11.2.1   Socket buffers

Socket buffers on both sides of a connection (sender and receiver) limit the TCP protocol window of outstanding data (which must fit in the smaller of these two buffers) and are therefore a critical factor which influences the achievable throughput. The window size limits the volume of data that can be transferred during one RTT (round trip time) interval. Default size of socket buffers in most operating systems ranges from 16 kB to 64 kB. Such a small window combined with RTT at the order of tens or hundreds of milliseconds, which is common in long-distance communication, limit the throughput to several or several tens of Mbps regardless of the bandwidth available in the network.

Socket buffer sizes can be adjusted either for all new connections opened in an operating system, or individually for each socket opened within an application. Some operating systems, such as Linux, provide a sort of autoconfiguration and window moderation which adjusts the buffer size according to current requirements and available memory. For example, in the Linux operating system, one can use the following command to set default sender and receiver socket buffer sizes to 2 MB for all new connections:

systctl -w net/ipv4/tcp_rmem=4096 2097152 16777216
systctl -w net/ipv4/tcp_wmem=4096 2097152 16777216

An example of socket buffer size influencing the throughput achievable between the CESNET2 (CZ) and UNINETT (NO) networks is shown in Figure. However, there are more details involved. Linux further modifies the requested buffer sizes according to values of some kernel variables, resulting in a TCP window limit different from the specified socket buffer size. Linux also includes several other TCP implementation specifics influencing performance. We described some of them in [UbC03] and [UbC03a]. A more detailed technical report describing more Linux internals, whose understanding is useful for the end-host performance tuning, is being prepared.

[Figure]

Figure 11.1: Relation between the achievable throughput and socket buffer size

[Figure]

Figure 11.2: RTT fluctuations during one TCP connection

Unfortunately, we can also get into trouble by setting the socket buffers too large and allowing the window to grow too much. Big windows can fill up router queues, which together with traffic fluctuations increases probability of a queue overflow and packet loss. As a result, congestion control will react by reducing the data sending rate. We can try to predict this phenomenon by observing the relation between current throughput and window size, or by monitoring the RTT fluctuations. For example, we can see in Figure that the RTT of a monitored connection reached up to several multiples of the basic RTT measured on an unloaded network which was about 40 ms. At some time, a packet was lost and throughput was reduced. Consequently, the RTT stabilised again. However, it turns out that in highly-multiplexed backbone circuits with complex traffic dynamics, determining conclusively that the RTT growth and fluctuations have been really caused by filling up the router queues is very difficult.
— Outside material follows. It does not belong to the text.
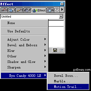 四、打開(kāi)effect面板,如果當(dāng)前文件中沒(méi)有這個(gè)面板,請(qǐng)選擇window->effect。在下拉菜單中選擇fireworks4自帶的外置濾鏡eye candy 4000 le->motion trail

An important Linux networking component that requires proper configuration is a network adapter transmission queue (txqueue). Each network adapter has its own txqueue. Packets from all connections transmitting through a network adapter come to its txqueue before they are moved to the adapter and sent to the network. We discussed the txqueue behaviour in more detail in [UbC03a]. As a rule of thumb, the ifconfig command setting the txqueue to 1000 packets for a Gigabit Ethernet adapter can be used.

11.2.2   Application tuning

Throughput can also be limited by the application. For example, we noticed low throughput while copying files over a network using the well-known scp utility. Socket buffers, txqueue and other networking components in the operating system were configured properly. Processor load on both end stations was low.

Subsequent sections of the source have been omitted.